■ Task prompt:
Pictures in the material below are to be left out, and only the lines from the line with "整体来看,2024年调味品各" up to and including the line with "Leather car keykkun" are to be written out exactly.

■ Data excerpts:
━━━━━━━━━━

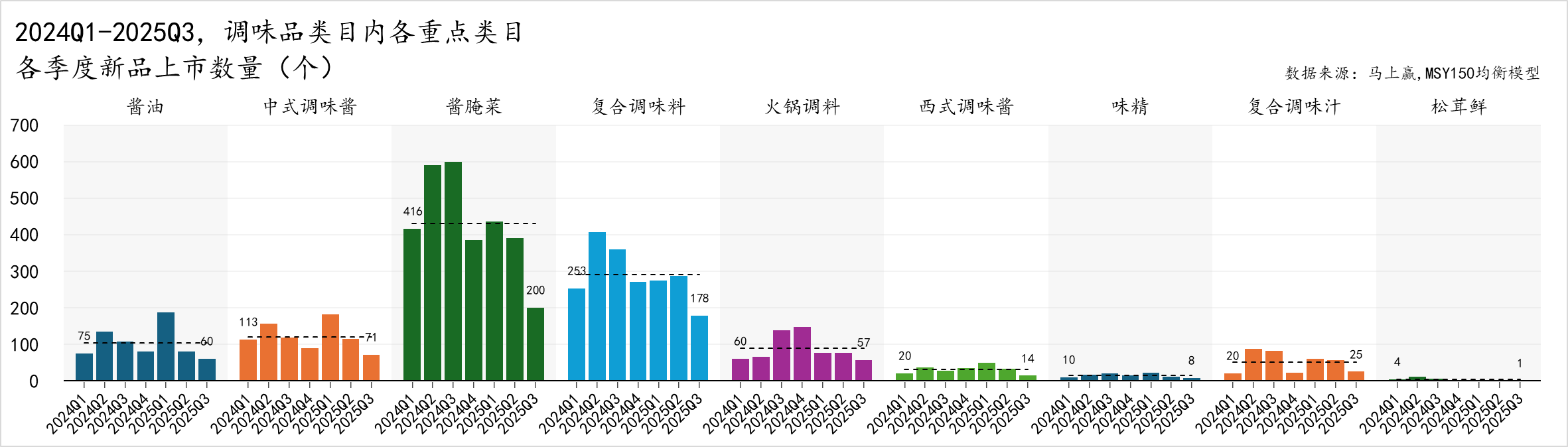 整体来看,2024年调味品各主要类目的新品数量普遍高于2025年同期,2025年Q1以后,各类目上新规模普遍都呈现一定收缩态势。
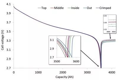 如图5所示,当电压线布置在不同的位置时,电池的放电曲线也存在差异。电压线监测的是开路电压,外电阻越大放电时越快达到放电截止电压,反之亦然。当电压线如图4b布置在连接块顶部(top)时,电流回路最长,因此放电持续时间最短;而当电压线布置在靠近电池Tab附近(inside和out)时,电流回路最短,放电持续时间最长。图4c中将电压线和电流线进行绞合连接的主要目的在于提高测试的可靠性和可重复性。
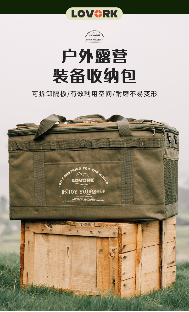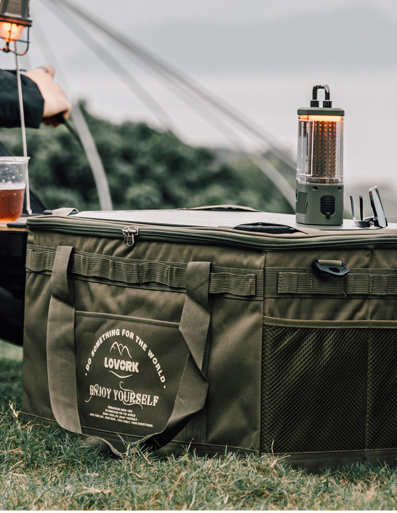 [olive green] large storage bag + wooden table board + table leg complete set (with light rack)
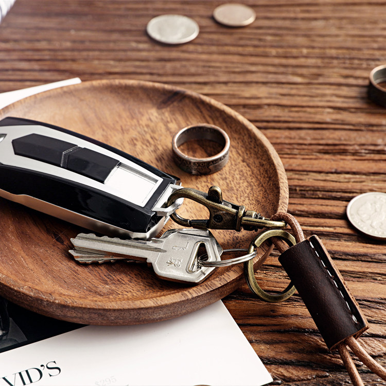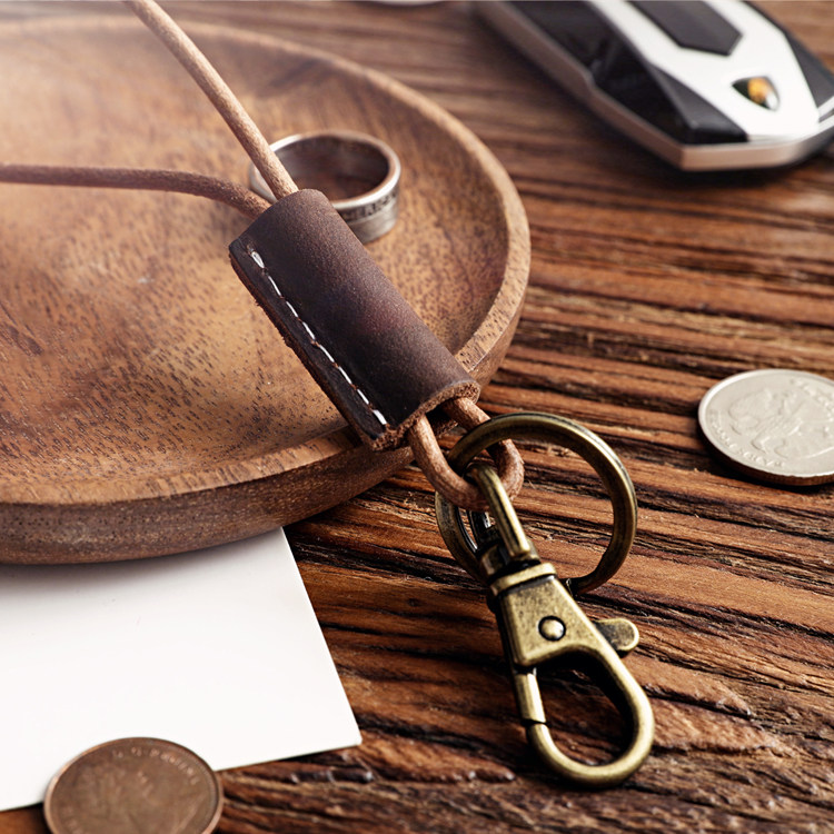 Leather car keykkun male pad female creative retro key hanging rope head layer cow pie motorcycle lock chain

━━━━━━━━━━

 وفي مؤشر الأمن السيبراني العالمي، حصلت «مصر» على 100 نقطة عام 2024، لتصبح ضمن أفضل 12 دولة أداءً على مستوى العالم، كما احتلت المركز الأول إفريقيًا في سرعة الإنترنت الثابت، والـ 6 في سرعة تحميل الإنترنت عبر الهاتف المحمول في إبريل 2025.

━━━━━━━━━━

■ Output for this task:
 整体来看,2024年调味品各主要类目的新品数量普遍高于2025年同期,2025年Q1以后,各类目上新规模普遍都呈现一定收缩态势。
 如图5所示,当电压线布置在不同的位置时,电池的放电曲线也存在差异。电压线监测的是开路电压,外电阻越大放电时越快达到放电截止电压,反之亦然。当电压线如图4b布置在连接块顶部(top)时,电流回路最长,因此放电持续时间最短;而当电压线布置在靠近电池Tab附近(inside和out)时,电流回路最短,放电持续时间最长。图4c中将电压线和电流线进行绞合连接的主要目的在于提高测试的可靠性和可重复性。
 [olive green] large storage bag + wooden table board + table leg complete set (with light rack)
 Leather car keykkun male pad female creative retro key hanging rope head layer cow pie motorcycle lock chain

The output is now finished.